Penny stock trading is a risky investment options that offers low priced shares and give a hope of big rise in the price. Penny stocks commonly traded on less than five dollars per share and generally available on OTC market. Penny Stocks are low on liquidity as there are not many buyers and sellers of such shares in the market. The companies usually offering penny stocks are in bankruptcy. It might get difficult to find actual valuation of business in financial crisis. If company goes out of business, everything goes wrong; you may have to bear heavy losses. Companies might recover from financial crisis but it takes time, you have to be patient, chances of good returns are there, but they may be smaller than your here for more strategies for penny stock investment.

Penny stock trading is risky investment option

To buy and sell penny stocks at good price is very difficult because even knowing the right price is not possible.
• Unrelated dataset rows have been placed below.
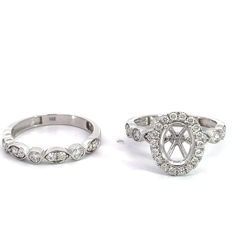 0.88 CTW Oval Wedding Set Mount in White Gold
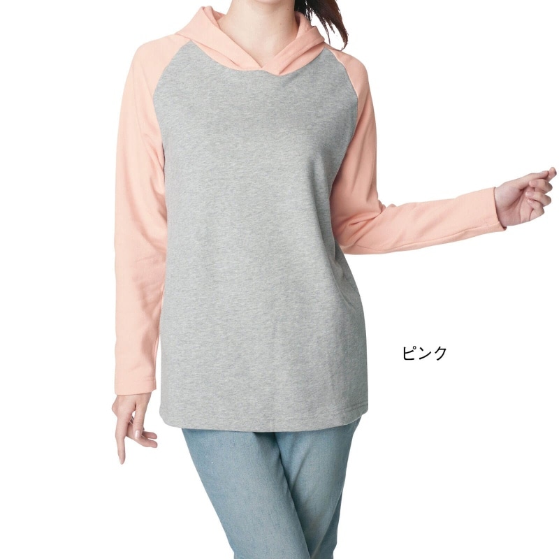 配色のラグラン袖がスポーティーな1枚。ゆったりと身丈が長く、裏起毛素材で暖かな着心地です。
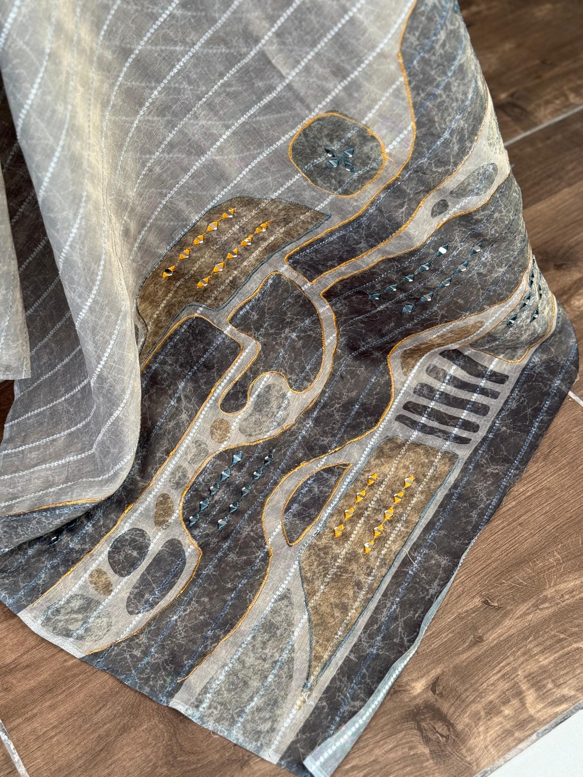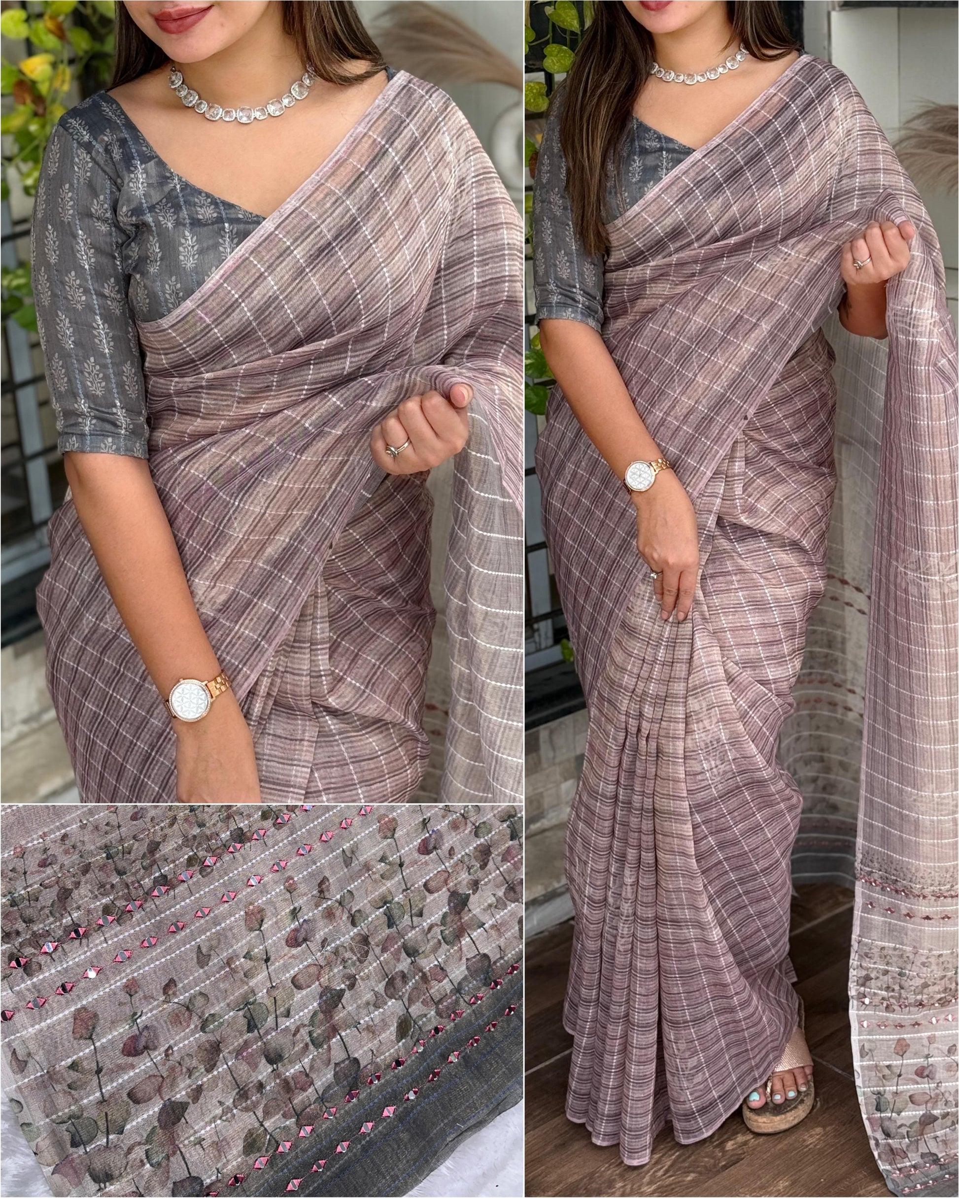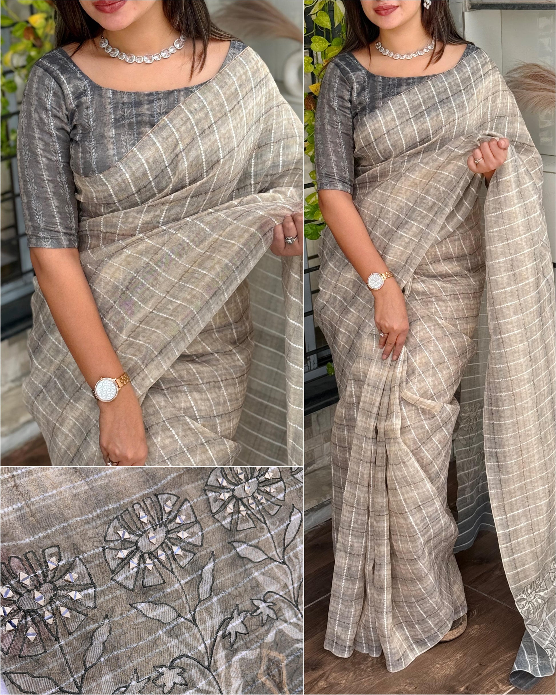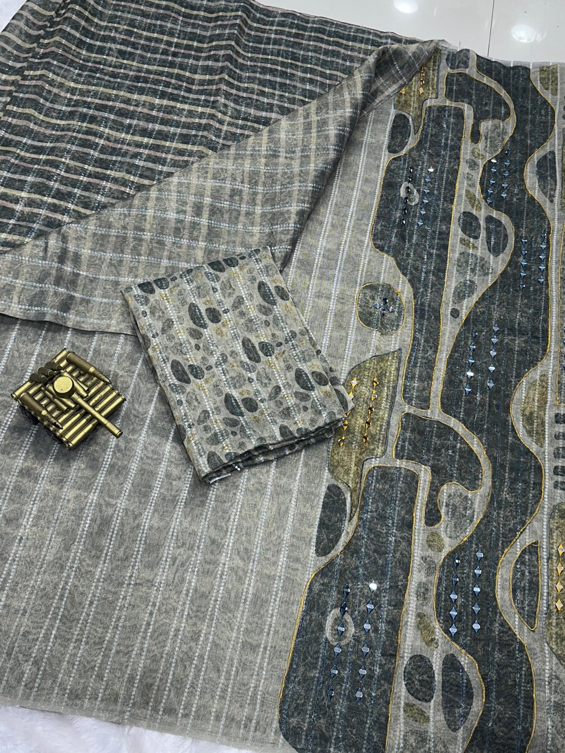 The highlight of this piece is its exquisite hand mirror Kali Mundi work on the pallu, lending a traditional yet artistic flair. Paired with a matching digital printed Taspa tissue silk blouse, this saree is ideal for festive and celebratory occasions.

Because there are so many promoters of penny stocks in the market try to mislead you. Most of the people promoting these stocks are more interested in making money from compelling you to take subscription of penny stock newsletter. As penny stocks shares are under priced, these promoters make other people to buy these shares to drive up the price, and sell their shares at inflated price.

Making money from penny stock trading needs your time and patience, don’t run for hype, wait for true value. There is no broker as such who can help you to become wealthy by trading these small cap shares. To become successful investor penny stock trading is not enough, there are no cheap stocks available in the market that can give you incredible monetary returns in days or weeks, anyone who suggest you this try to mislead you. However you can invest in penny stocks if you are willing to take risk.